ESX/ESXi supports IP hash teaming on a single physical switch only: This one can be a real deal-breaker for some. Because etherchannel bonding is usually only supported on a single switch, it may not be possible to distribute the uplinks across multiple physical switches for redundancy. There are some exceptions to this rule as some ‘stacked’ switches, or modular switches with a common backplane support etherchannel across physical switches or modules. Cisco’s VPC (virtual port channel) technology can also address this on supported switches. Consult with your hardware vendor for your options.

ESX/ESXi supports only 802.3ad link aggregation in ‘Static’ mode: This is also referred to as ‘Mode On’ in the Cisco world. This means that LACP (link aggregation control protocol) cannot be used. The only exception is with a vNetwork Distributed Switch in vSphere 5.1, and with the Cisco Nexus 1000V. If you are using vNetwork Standard Switches, you must use a static etherchannel.

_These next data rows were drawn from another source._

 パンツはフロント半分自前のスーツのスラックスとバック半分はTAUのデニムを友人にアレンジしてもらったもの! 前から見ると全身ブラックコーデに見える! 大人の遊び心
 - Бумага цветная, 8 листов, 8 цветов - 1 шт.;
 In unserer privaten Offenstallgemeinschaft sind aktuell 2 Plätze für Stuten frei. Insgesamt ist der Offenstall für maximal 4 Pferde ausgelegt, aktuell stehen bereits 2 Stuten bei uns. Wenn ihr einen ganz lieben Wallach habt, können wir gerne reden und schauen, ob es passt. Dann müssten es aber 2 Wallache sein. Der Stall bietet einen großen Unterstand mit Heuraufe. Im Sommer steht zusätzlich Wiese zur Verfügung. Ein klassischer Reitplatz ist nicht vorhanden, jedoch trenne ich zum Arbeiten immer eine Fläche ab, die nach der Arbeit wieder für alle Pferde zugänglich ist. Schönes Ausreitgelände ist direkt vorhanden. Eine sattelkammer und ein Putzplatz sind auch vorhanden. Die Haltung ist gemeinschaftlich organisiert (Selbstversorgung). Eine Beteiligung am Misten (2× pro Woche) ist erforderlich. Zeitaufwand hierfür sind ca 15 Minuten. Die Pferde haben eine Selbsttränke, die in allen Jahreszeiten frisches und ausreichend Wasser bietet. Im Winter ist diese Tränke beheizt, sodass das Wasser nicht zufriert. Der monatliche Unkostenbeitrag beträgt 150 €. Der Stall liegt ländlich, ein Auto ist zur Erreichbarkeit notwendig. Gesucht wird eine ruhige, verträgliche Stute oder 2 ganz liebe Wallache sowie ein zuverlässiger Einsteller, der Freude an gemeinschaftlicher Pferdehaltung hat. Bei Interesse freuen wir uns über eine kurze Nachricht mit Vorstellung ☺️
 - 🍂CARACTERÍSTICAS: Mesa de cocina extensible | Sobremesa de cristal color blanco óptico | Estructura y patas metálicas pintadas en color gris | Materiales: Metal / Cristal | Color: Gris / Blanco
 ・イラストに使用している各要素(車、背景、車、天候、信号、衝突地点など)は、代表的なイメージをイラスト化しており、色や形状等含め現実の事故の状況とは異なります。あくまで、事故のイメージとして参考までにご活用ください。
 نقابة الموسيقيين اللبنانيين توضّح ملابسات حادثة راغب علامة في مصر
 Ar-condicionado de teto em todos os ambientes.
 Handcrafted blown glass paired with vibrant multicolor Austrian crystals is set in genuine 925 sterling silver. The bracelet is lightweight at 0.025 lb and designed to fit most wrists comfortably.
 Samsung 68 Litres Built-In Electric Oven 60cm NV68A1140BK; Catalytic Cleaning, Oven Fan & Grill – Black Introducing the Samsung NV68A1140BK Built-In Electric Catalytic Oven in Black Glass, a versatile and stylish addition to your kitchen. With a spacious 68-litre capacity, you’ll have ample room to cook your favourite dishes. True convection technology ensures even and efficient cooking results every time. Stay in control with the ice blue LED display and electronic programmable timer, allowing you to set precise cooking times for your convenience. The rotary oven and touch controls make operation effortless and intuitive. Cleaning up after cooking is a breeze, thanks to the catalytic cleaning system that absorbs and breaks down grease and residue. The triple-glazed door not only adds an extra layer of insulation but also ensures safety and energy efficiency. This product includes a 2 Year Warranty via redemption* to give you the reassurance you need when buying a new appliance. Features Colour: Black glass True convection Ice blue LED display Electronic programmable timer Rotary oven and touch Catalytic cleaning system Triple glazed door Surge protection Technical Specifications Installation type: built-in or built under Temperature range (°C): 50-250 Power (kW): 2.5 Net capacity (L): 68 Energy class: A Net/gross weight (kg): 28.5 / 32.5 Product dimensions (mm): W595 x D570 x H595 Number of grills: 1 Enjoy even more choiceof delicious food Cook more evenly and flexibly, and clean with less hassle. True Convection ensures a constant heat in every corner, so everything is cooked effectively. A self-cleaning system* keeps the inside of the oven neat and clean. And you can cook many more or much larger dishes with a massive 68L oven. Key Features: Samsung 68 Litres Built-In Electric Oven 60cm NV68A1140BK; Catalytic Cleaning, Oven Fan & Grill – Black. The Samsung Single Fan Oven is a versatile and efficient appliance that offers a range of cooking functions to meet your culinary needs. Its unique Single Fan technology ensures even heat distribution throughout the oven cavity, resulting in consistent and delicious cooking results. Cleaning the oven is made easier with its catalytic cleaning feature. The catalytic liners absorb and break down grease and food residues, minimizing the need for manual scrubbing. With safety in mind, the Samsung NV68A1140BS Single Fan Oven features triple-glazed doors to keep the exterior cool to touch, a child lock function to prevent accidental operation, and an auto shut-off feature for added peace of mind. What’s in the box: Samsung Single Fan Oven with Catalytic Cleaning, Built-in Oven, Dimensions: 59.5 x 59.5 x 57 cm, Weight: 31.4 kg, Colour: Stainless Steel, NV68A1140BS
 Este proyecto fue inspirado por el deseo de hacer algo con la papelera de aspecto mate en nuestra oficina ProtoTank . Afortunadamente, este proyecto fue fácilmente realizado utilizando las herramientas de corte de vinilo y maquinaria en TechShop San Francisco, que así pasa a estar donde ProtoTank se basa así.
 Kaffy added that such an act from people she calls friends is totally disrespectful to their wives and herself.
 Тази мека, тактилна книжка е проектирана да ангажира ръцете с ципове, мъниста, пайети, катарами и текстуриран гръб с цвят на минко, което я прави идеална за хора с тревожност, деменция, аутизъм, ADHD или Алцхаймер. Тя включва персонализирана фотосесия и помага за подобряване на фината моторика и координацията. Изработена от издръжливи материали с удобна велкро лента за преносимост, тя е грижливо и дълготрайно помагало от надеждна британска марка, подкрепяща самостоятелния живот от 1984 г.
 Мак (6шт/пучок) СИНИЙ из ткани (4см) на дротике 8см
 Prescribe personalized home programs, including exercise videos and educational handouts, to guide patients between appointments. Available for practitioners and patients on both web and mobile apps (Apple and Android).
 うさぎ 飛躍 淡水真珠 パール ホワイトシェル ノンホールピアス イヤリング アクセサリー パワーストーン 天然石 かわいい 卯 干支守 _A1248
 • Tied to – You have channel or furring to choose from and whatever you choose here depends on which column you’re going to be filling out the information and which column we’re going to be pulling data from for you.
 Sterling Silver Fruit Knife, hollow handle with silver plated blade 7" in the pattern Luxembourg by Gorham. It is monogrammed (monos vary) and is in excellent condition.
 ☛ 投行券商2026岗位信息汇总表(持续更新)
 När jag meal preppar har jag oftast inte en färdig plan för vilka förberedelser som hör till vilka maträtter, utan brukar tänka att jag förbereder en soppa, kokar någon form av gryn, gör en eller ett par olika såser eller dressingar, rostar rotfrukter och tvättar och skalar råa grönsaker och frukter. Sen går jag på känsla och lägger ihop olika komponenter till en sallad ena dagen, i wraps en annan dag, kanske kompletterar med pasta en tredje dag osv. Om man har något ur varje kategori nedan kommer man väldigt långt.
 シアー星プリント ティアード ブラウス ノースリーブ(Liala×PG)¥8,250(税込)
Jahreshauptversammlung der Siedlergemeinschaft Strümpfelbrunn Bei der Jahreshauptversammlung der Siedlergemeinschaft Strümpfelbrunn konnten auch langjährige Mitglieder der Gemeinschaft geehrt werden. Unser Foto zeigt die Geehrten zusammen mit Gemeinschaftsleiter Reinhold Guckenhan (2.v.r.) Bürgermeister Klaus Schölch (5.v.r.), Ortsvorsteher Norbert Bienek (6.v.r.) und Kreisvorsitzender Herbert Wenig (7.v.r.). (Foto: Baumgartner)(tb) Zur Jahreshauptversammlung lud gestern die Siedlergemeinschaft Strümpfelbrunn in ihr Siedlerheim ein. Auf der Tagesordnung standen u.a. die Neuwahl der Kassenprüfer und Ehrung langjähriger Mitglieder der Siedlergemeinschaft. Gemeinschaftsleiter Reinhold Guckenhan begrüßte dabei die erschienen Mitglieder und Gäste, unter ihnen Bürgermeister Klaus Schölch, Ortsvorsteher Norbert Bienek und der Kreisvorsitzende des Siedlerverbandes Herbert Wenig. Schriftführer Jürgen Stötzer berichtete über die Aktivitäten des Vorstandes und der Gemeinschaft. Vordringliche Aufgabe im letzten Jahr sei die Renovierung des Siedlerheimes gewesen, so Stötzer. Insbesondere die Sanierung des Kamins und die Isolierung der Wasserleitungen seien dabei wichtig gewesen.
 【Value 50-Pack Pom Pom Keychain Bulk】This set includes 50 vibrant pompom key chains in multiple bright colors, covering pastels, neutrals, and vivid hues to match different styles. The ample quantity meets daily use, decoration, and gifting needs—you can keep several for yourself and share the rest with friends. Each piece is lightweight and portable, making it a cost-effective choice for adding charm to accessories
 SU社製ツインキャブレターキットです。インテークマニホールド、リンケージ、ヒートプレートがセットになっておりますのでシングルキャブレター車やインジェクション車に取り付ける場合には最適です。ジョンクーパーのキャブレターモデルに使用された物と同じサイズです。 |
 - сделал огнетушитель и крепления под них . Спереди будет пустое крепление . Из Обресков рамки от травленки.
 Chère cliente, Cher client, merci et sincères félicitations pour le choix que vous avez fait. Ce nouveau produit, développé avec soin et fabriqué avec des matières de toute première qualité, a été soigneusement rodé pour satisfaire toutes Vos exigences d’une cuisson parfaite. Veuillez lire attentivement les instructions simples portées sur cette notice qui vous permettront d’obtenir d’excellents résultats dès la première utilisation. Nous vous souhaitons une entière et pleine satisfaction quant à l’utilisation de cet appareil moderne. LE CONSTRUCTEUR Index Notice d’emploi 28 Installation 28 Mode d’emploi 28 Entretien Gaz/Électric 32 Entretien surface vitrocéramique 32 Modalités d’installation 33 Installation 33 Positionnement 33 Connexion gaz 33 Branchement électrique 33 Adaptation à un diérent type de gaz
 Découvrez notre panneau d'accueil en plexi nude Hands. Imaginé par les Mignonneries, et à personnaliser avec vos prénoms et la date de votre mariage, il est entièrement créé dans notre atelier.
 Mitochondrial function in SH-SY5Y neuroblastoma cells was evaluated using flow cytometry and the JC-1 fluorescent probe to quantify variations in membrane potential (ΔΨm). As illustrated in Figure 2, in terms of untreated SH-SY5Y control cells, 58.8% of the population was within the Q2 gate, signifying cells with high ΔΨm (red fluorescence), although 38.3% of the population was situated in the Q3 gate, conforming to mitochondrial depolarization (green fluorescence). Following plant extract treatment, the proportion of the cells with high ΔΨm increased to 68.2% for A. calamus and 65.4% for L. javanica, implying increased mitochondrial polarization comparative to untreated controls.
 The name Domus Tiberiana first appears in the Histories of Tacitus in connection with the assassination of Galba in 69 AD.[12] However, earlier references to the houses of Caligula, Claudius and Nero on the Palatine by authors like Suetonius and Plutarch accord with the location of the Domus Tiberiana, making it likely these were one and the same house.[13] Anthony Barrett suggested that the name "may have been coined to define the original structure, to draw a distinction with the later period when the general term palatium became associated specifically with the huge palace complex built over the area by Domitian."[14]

Beacon Probing is not supported with IP hash: Only link status can be used as a failure detection method with an IP hash team. This may not be desirable in some situations.

An Example

Let’s walk through another fictitious example of a network teaming problem. Below is the problem definition we’ll be working off of today:

“I’m seeing very odd behavior from one of my hosts! Each virtual machine can’t ping different sets of devices on the physical network. If I try to ping a device, it may work from some virtual machines, but not from others. Connectivity is all over the place. I can’t make heads or tails of this! Help!”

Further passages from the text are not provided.